# Records to use:
※
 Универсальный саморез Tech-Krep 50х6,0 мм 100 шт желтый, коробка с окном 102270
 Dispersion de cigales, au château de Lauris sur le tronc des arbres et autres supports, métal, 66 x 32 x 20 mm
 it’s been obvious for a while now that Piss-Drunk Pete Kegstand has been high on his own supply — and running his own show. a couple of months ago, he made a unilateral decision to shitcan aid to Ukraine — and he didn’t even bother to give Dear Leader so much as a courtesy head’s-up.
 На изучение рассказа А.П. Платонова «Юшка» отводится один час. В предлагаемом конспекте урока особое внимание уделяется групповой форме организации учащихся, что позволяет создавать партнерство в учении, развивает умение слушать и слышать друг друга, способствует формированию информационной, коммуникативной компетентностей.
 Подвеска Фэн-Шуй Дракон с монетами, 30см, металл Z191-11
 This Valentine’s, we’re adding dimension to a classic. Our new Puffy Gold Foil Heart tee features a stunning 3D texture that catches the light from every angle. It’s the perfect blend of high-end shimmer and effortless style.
※
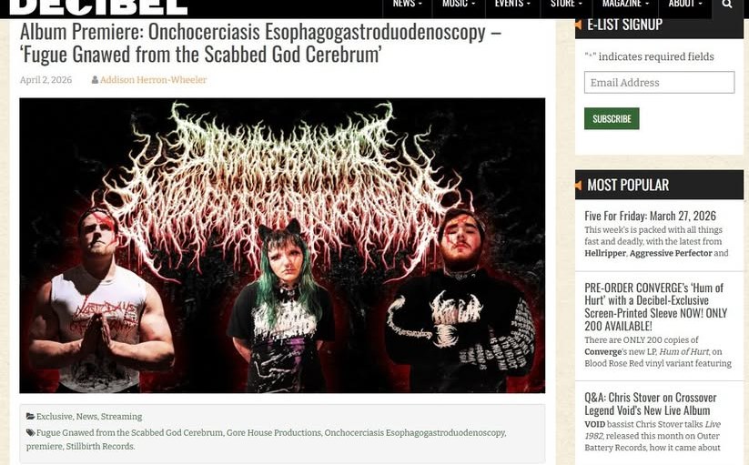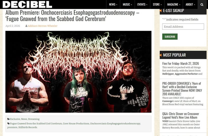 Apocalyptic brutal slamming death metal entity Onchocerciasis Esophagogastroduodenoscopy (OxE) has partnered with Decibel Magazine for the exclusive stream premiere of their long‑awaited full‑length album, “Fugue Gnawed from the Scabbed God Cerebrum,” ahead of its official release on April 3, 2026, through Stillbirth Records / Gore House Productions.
※
# What is being asked:
For the lines above, output exactly those from the line containing "Универсальный саморез Tech-Krep" through the line containing "This Valentine’s, we’re", and skip the others.

# Exercise answer:
 Универсальный саморез Tech-Krep 50х6,0 мм 100 шт желтый, коробка с окном 102270
 Dispersion de cigales, au château de Lauris sur le tronc des arbres et autres supports, métal, 66 x 32 x 20 mm
 it’s been obvious for a while now that Piss-Drunk Pete Kegstand has been high on his own supply — and running his own show. a couple of months ago, he made a unilateral decision to shitcan aid to Ukraine — and he didn’t even bother to give Dear Leader so much as a courtesy head’s-up.
 На изучение рассказа А.П. Платонова «Юшка» отводится один час. В предлагаемом конспекте урока особое внимание уделяется групповой форме организации учащихся, что позволяет создавать партнерство в учении, развивает умение слушать и слышать друг друга, способствует формированию информационной, коммуникативной компетентностей.
 Подвеска Фэн-Шуй Дракон с монетами, 30см, металл Z191-11
 This Valentine’s, we’re adding dimension to a classic. Our new Puffy Gold Foil Heart tee features a stunning 3D texture that catches the light from every angle. It’s the perfect blend of high-end shimmer and effortless style.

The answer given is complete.